---- PROVIDED MATERIAL

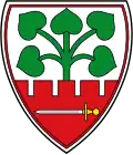 Blasonierung: „Geteilt durch Zinnenschnitt in Silber (Weiß), darin eine fünfblättrige stilisierte wachsende grüne Linde und Rot, darin ein liegendes silbernes (weißes) Schwert mit goldenem (gelbem) Griff.“ |
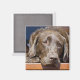 Looking cute on the fridge or file cabinetl! It's a close up photograph on the face of a sad chocolate Labrador Retriever on a magnet. .Photo © Patricia AZ Phillips.
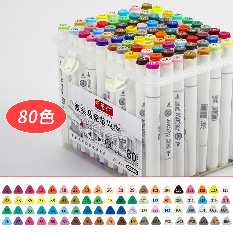听雨轩双头马克笔酒精油性80色60色48色30色24色18色动漫设计套装
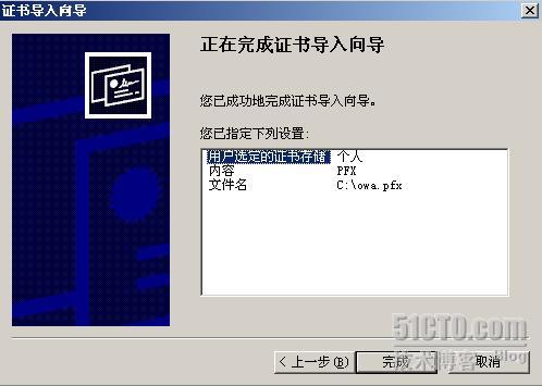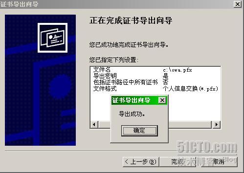 如下图所示,证书导出成功,接下来我们把证书文件复制到ISA服务器上,为下一步的证书导入做好准备。
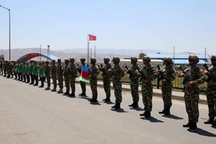 Türk askeri 10 Aralık Zafer Töreni için Azerbaycan'da
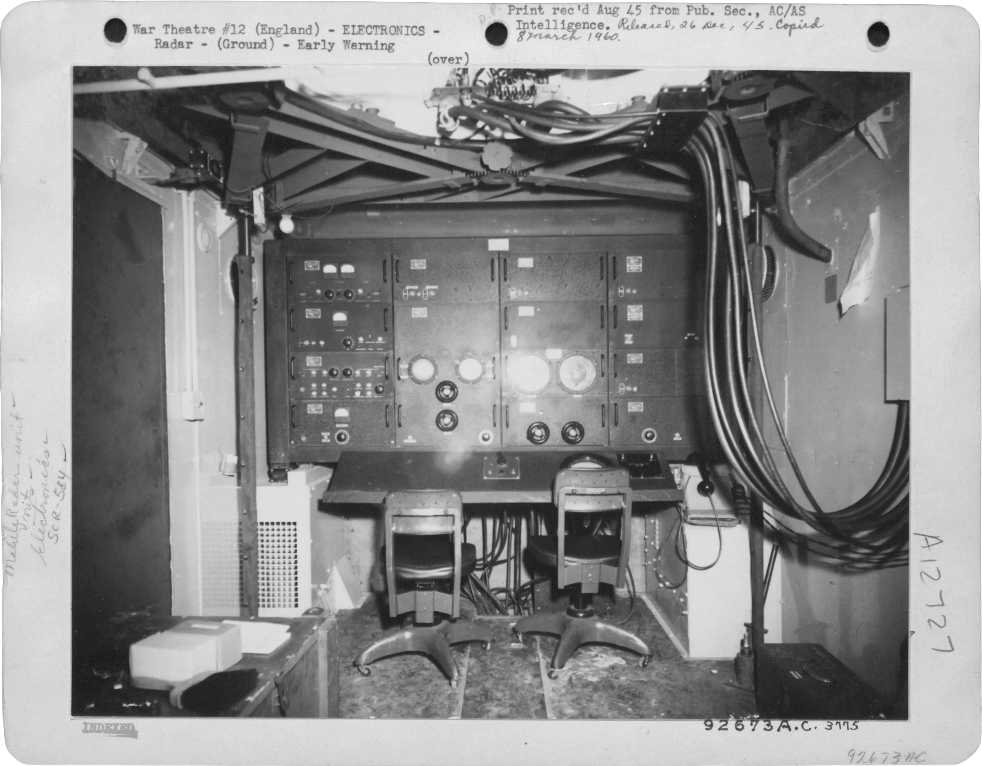 View Of Operation Positions Of Scr-584 Radar Of The 124Th Aaa Battalion At Dymchurch, Kent, England, On 4 August 1944. Note Plan Position Indicator (PPI) CRT at right-hand operating position. National Archives and Record Administration, College Park.
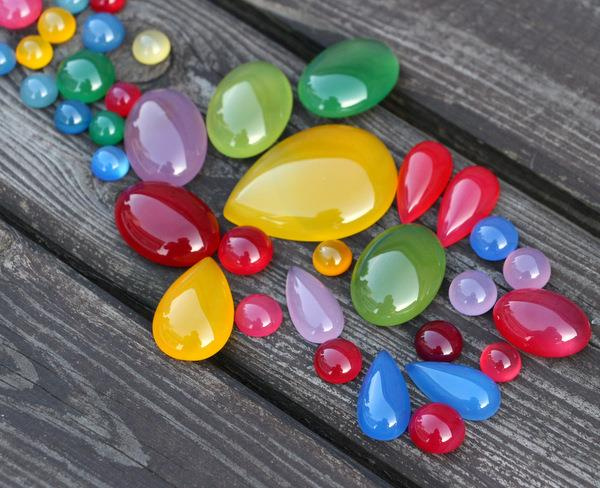 OpisZnakomitej jakości *olbrzymie* kaboszony agatu brazylijskiego o niezwykle gładkiej, błyszczącej powierzchni. Kaboszony w kształcie łezki.
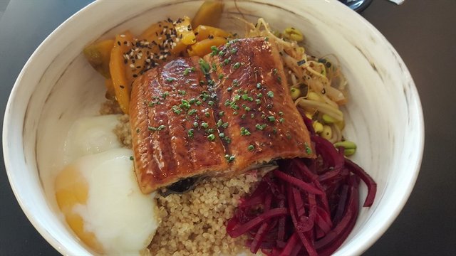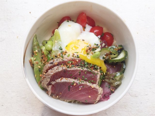 I never thought much about this place which was known for its healthy rice bowls, as I felt it was overpriced Economy Rice (Cai Png 菜饭), until recently I saw a 3-course meal offered by Chop. At $25, the meal includes a starter, a choice of main and a dessert, which I felt was value for money. Only cash and NETS is accepted here.Ebisu (ala carte $18)Pan-seared Hokkaido Scallops, Mussels, Miso Butter Cream and ToastIt was served pipping hot. The seafood was covered in a sea of rich creamy flavourful gravy, which I wished for more.From the 4 choices of main, I selectedTsukiji (ala carte $16)Tuna tataki, asparagus & edamame, onsen egg, pickled cucumbers, cherry tomatoes, furikakeI selected Orzo as my choice of base. There were other choices such as Ninja Rice and Garden Greens. The orzo ( a form of short-cut pasta, shaped like a large grain of rice) was topped with a savoury gravy and quite tasty on its own. The onsen egg added a rich creamy layer to the orzo. The asparagus was soft and crunchy. The pickled cucumbers was tangy and crunchy, while the tuna was smooth and fresh.Fancy French (ala carte $16)Fig jam french toast drizzled in ume-boshi infused honey, fresh grapes, plums, homemade hazelnut butter.This dish had a 20 minute wait. It looked quite pretty. The fruits was fresh and juicy, the toast sliced easily although I wished that it could be crispier.Accompanied with Coconut Lemon Mint ($8)Fresh coconut juice, lemond wedges, mint leavesIt was basically fresh coconut juice, filling with thick coconut flesh. Refreshing, although a bit cheated by the fanciful name.Overall the food was delicious. Best come early as the place get crowded easily, and could get quite noisy after that.…查看更多
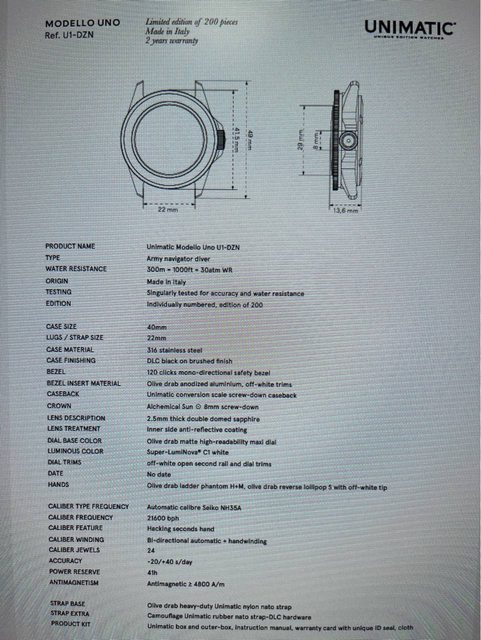 2. 商品名稱:限量Unimatic U1-DZN 軍綠潛水機械錶 義大利 購買日期:2023日本錶店 出售價格:$16800 -> $8800 隨附物件:盒+錶如圖 物品狀態:九成新,少用僅些許使用痕跡 手錶錶徑:40mm 手錶機芯:NH35A 物品地點:雙北 聯絡方式:站內信 規格可參考最後一張圖
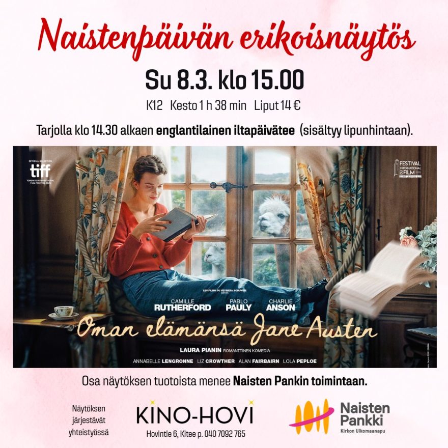 Naistenpäivänä Kino-Hovi ja Naisten Pankki Kitee järjestävät elokuvaesityksen Oman elämänsä Jane Austen. Ennen elokuvaa kello 14.30 alkaen Naisten pankkilaiset tarjoavat teekupposen ja pikkupurtavaa englantilaiseen tyyliin. Esityksen hinta 14 €, josta osa ohjataan Naisten Pankin toimintaan, tarjoilu sisältyy lipun hintaan.
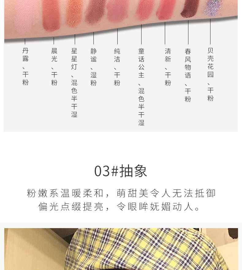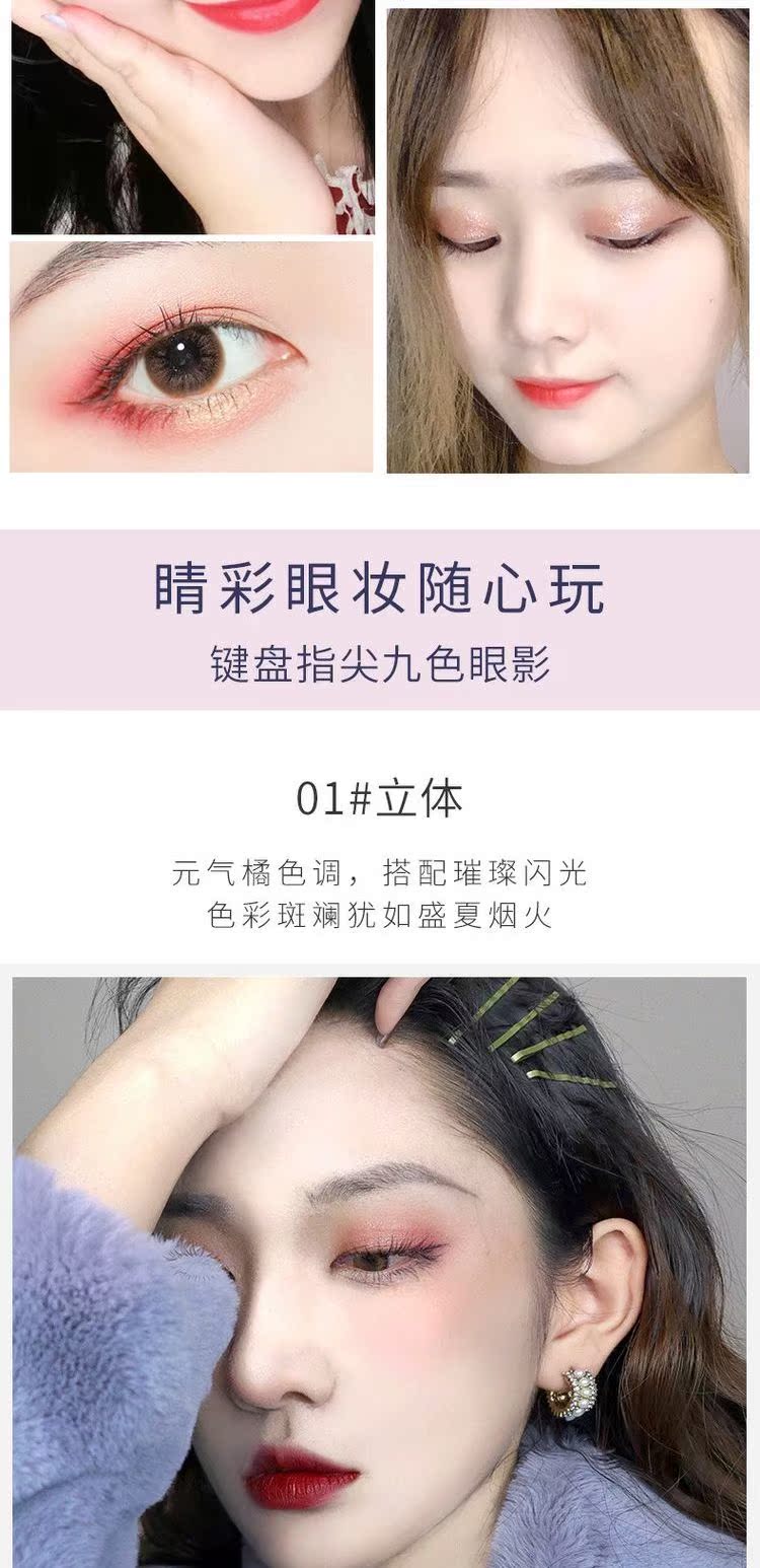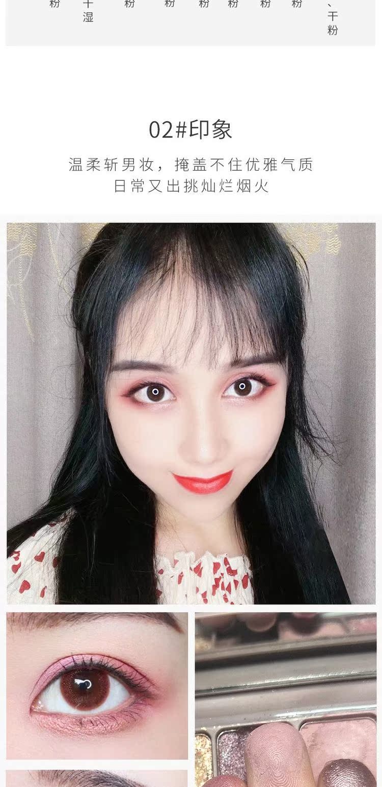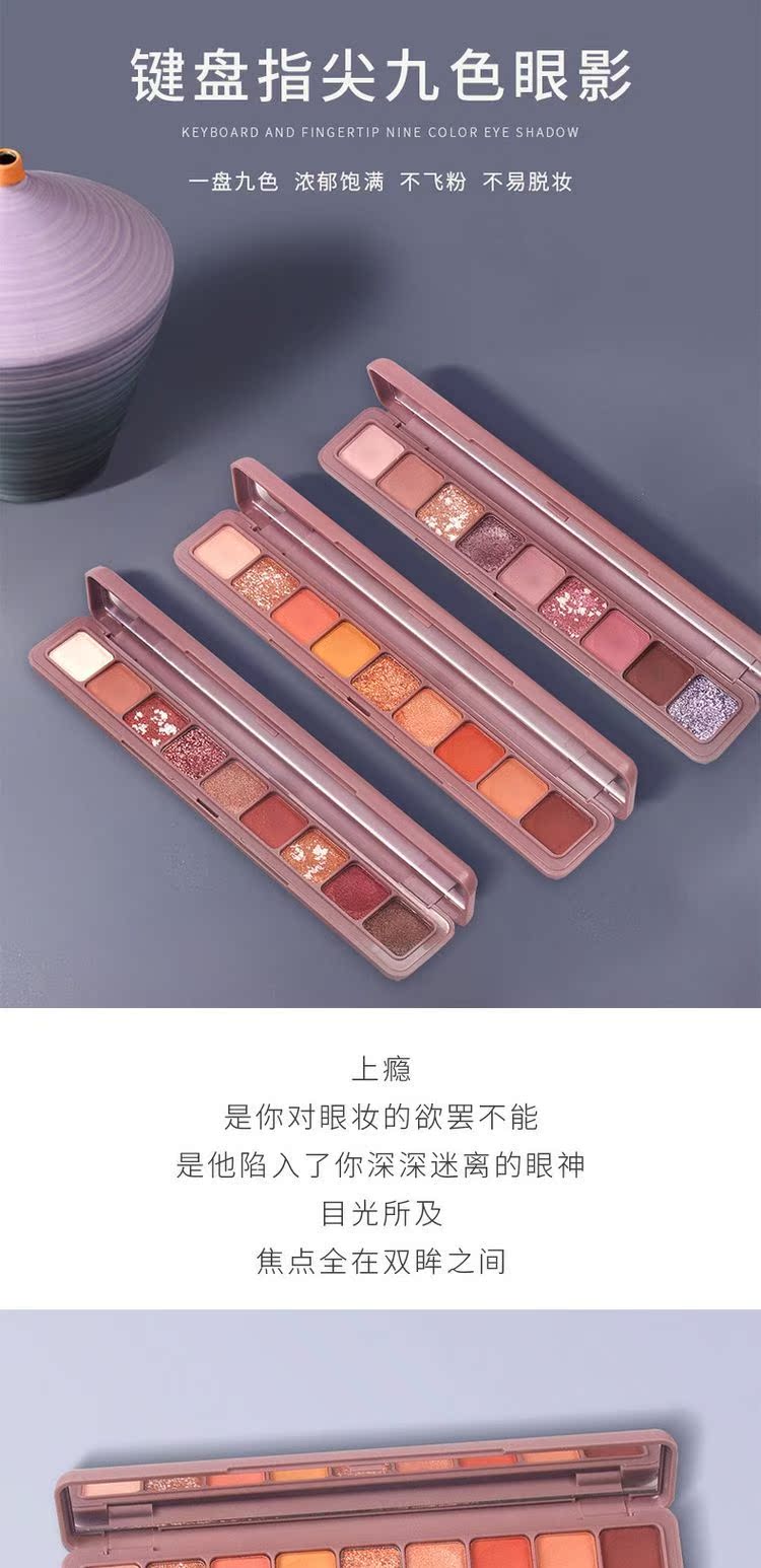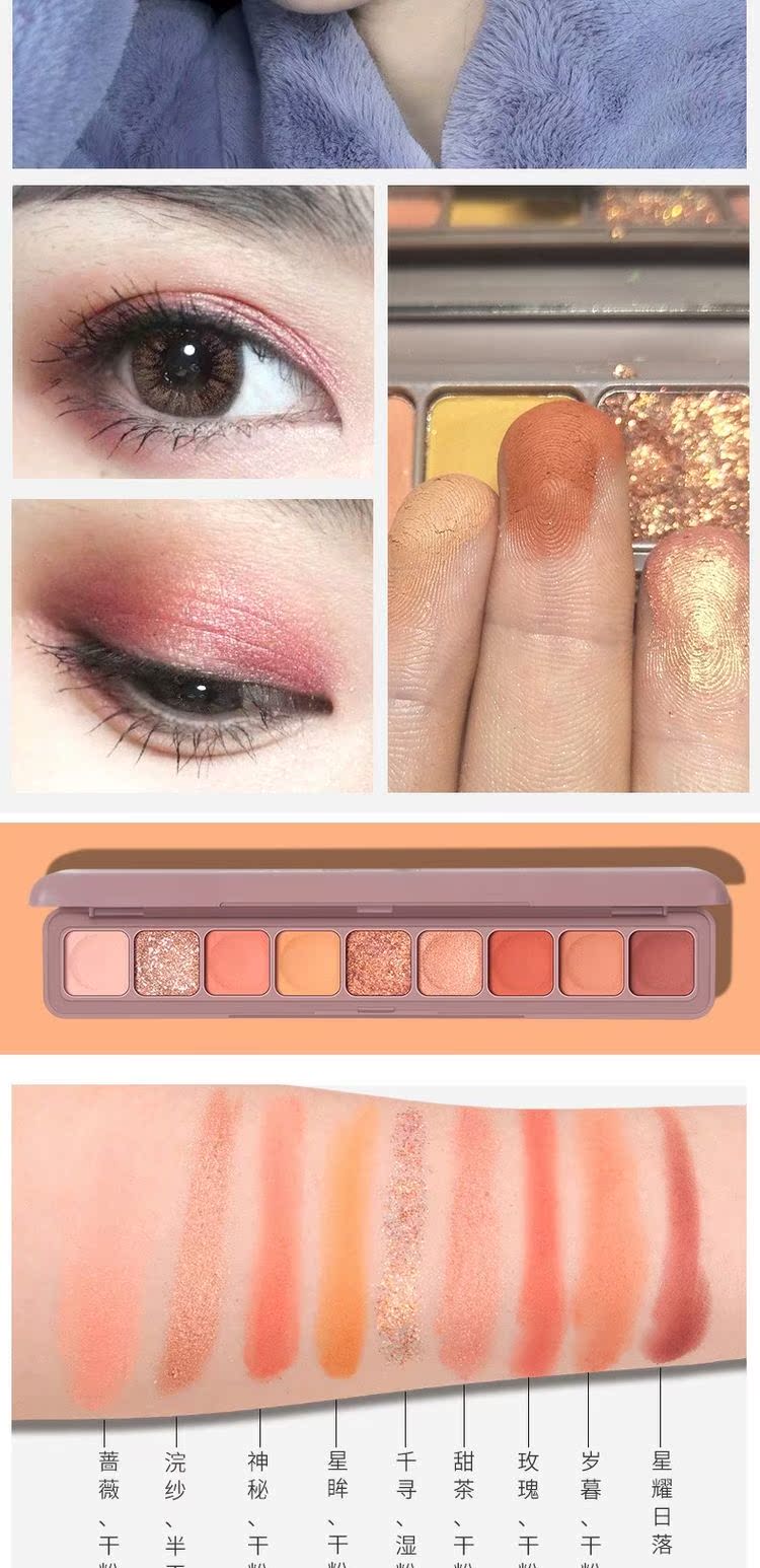 9色眼影盘,四种质地一抹成妆,自然服帖,初学者福音,质地松软细致顺滑,易上色不飞粉,防水不晕染,斩男妆!
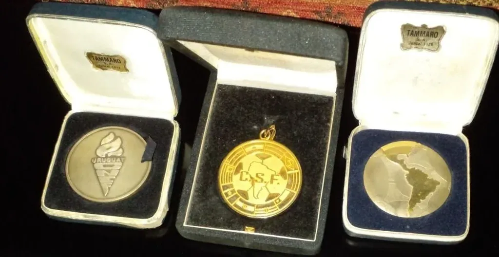 Las tres medallas que guarda Eduardo Da Silva como un tesoro; la del medio fue entregada por la Conmebol por ganar la Copa América 1987, en tanto que las otras dos, se las entregó la AUF
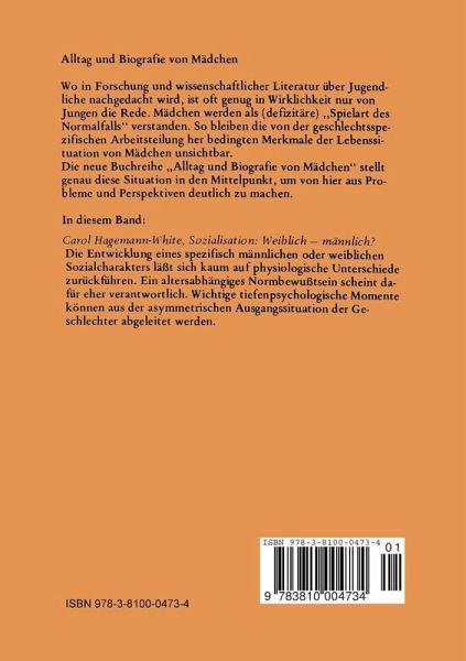 Inhaltsübersicht.- I. Sind geschlechtsspezifisch unterschiedliche Charaktere empirisch nachweisbar?.- 1. Zur Geschichte der Erforschung von Geschlechtsunterschieden.- 2. Stand der empirischen Forschung über Unterschiede im Verhalten der Geschlechter in der Kindheit und Pubertät.- 3. Zur Relevanz der Biologie bei der Erklärung von geschlechtstypischem Verhalten.- 4. Einschätzung der Bedeutung der vorliegenden Ergebnisse.- II. Mittel, Wege und Wirkungen geschlechtsspezifischer Erziehung.- 1. Erziehung in der Familie.- 2. Erziehung in öffentlichen Einrichtungen.- III. Ansätze zu einer Theorie der Entwicklung des weiblichen Sozialcharakters.- 1. Das Problem einer zureichenden Theorie der Weiblichkeit.- 2. Die Zweigeschlechtlichkeit als kulturelles System und der Biologismus des Alltags.- 3. Von der Ohnmacht der Frauen und der Allmacht der Mütter.- 4. Der männliche und der weibliche Ort: Strukturunterschiede in der An-eignung der Zweigeschlechtlichkeit.- 5. Pubertät und widersprüchliche Lebensentwürfe.- Anmerkungen.

--------

ACTIVITY: Exact copy, pictures excluded: every line above from the one containing "Naistenpäivänä Kino-Hovi ja" to the one containing "Las tres medallas", inclusive, and nothing more.

SOLUTION:
 Naistenpäivänä Kino-Hovi ja Naisten Pankki Kitee järjestävät elokuvaesityksen Oman elämänsä Jane Austen. Ennen elokuvaa kello 14.30 alkaen Naisten pankkilaiset tarjoavat teekupposen ja pikkupurtavaa englantilaiseen tyyliin. Esityksen hinta 14 €, josta osa ohjataan Naisten Pankin toimintaan, tarjoilu sisältyy lipun hintaan.
 9色眼影盘,四种质地一抹成妆,自然服帖,初学者福音,质地松软细致顺滑,易上色不飞粉,防水不晕染,斩男妆!
 Las tres medallas que guarda Eduardo Da Silva como un tesoro; la del medio fue entregada por la Conmebol por ganar la Copa América 1987, en tanto que las otras dos, se las entregó la AUF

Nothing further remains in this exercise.